Зато для лазутчиков тоннели под Травинкалисом – самое то. Можно нанести удар в любом месте города и тут же безнаказанно скрыться – преследователи поймают под землей все что угодно, от одичавших кошек до насморка, но только не того, кого они ищут. В мою армейскую бытность из уст в уста ходила байка о том, как некий поддатый вояка по глупости или от переизбытка храбрости полез погулять по подземному лабиринту и повстречал там бесенка в спецовке и с лопатой, разгребающего кучу фекалий. Оно, может, конечно, и не бесенок был, но все равно как-то боязно лазить здесь в вечном мраке.

Прямо над головой раздался нарастающий гул, стены задрожали.

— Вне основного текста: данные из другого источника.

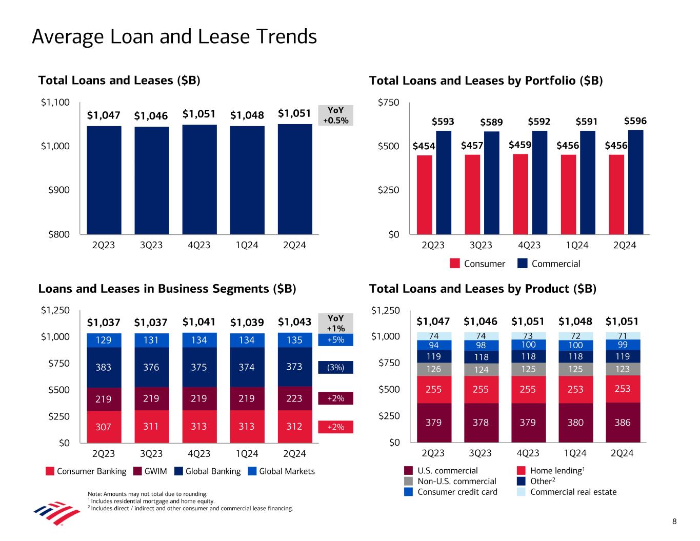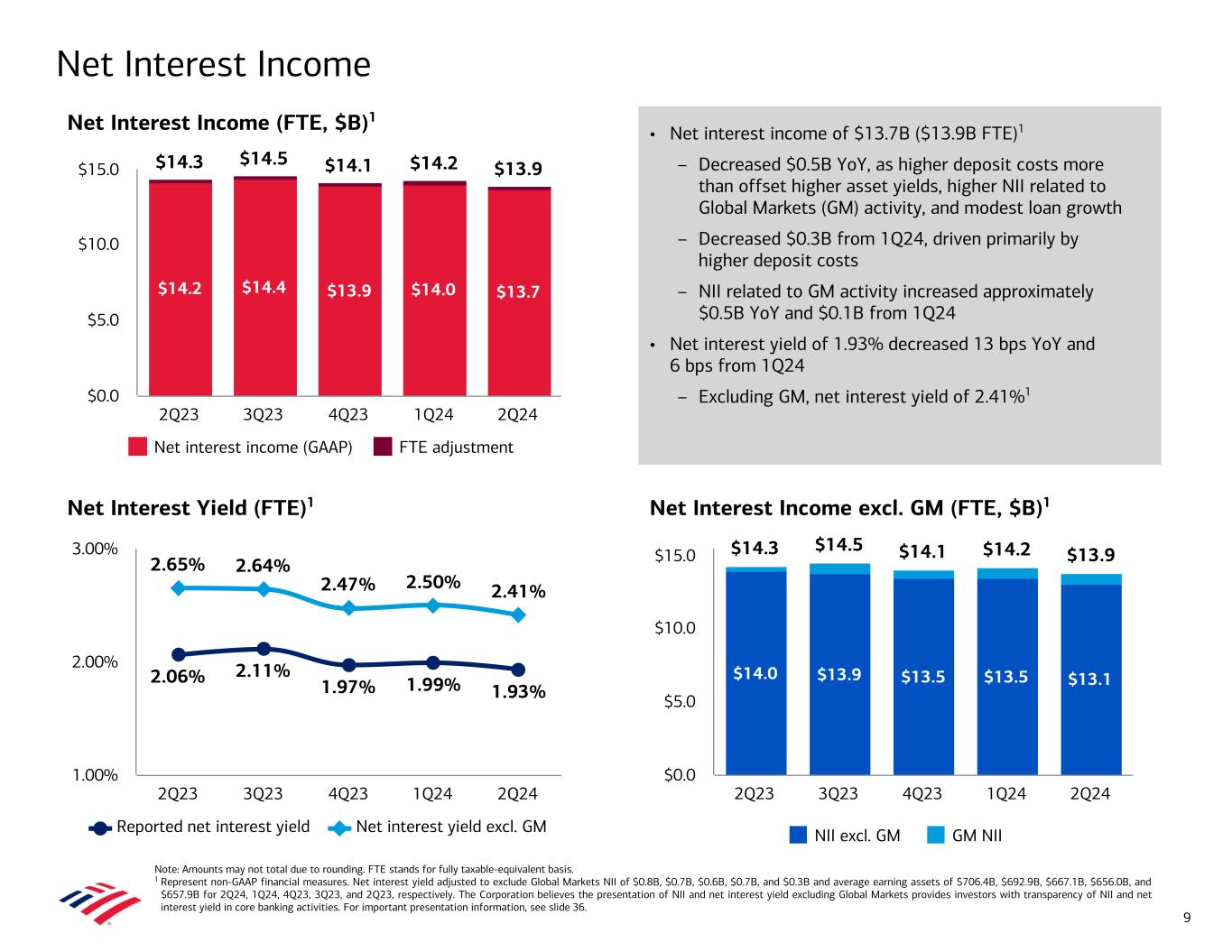$1,037 $1,037 $1,041 $1,039 $1,043 307 311 313 313 312 219 219 219 219 223 383 376 375 374 373 129 131 134 134 135 Consumer Banking GWIM Global Banking Global Markets 2Q23 3Q23 4Q23 1Q24 2Q24 $0 $250 $500 $750 $1,000 $1,250 $1,047 $1,046 $1,051 $1,048 $1,051 2Q23 3Q23 4Q23 1Q24 2Q24 $800 $900 $1,000 $1,100 +2% +2% (3%) +5% Average Loan and Lease Trends YoY +0.5% YoY +1% Note: Amounts may not total due to rounding. 1 Includes residential mortgage and home equity. 2 Includes direct / indirect and other consumer and commercial lease financing. Total Loans and Leases by Product ($B) Loans and Leases in Business Segments ($B) Total Loans and Leases by Portfolio ($B)Total Loans and Leases ($B) $454 $457 $459 $456 $456 $593 $589 $592 $591 $596 Consumer Commercial 2Q23 3Q23 4Q23 1Q24 2Q24 $0 $250 $500 $750 8 $1,047 $1,046 $1,051 $1,048 $1,051 379 378 379 380 386 255 255 255 253 253 126 124 125 125 123 119 118 118 118 119 94 98 100 100 99 74 74 73 72 71 U.S. commercial Home lending Non-U.S. commercial Other Consumer credit card Commercial real estate 2Q23 3Q23 4Q23 1Q24 2Q24 $0 $250 $500 $750 $1,000 $1,250 2 1

– Улица прямо над нами – небось телега проехала, – сказал Миррон, наблюдая, как мы дружно присели. – Здорово отдается под землей, да? Это еще мелочь. Как-то раз сверху проскакал кавалерийский отряд, так я думал – голова взорвется.

– Ты уверен, что здесь нет данийских доглядчиков?

– Да кто ж сюда полезет без нужды! Оккупанты поначалу попытались засыпать ходы, опасаясь вылазок уцелевших диверсантов, – вспоминал Миррон, ориентируясь по ему одному ведомым меткам. – Но когда по весне все дерьмо из-под земли хлынуло на улицы – быстро восстановили все как было. Впрочем, своего они добились – повстанцы выползли из-под земли, как суслики из залитых нор. А камер у данийцев хватало на всех – расход заключенных был большой… Вот сейчас, кстати, мы проходим через подвал тюрьмы. Попрошу не шуметь.

Снаружи явственно раздавались стоны и вопли дежурной жертвы тоталитарного режима.

– Прямо за стеной – камера пыток. Сколько мимо ни прохожу – каждый раз там кого-то мучают. Здесь работа палачу не переведется, – грустно вздохнул Миррон. – Был бы пойман человек, а статья найдется…

– Сам сочинил?

– Да куда мне… Есть тут один народный поэт, мы с ним встретимся через пару минут. Зовут его Люкс Золотой Язычок, но не потому, что стихами говорит, а потому, что после общения с ним ваше золото как корова языком слизала. Люкс хоть и наш человек, но все равно будьте с ним повнимательнее, а то без штанов останетесь и еще должны будете. Передам ему вас на постой и пойду обратно – лошадок пасти.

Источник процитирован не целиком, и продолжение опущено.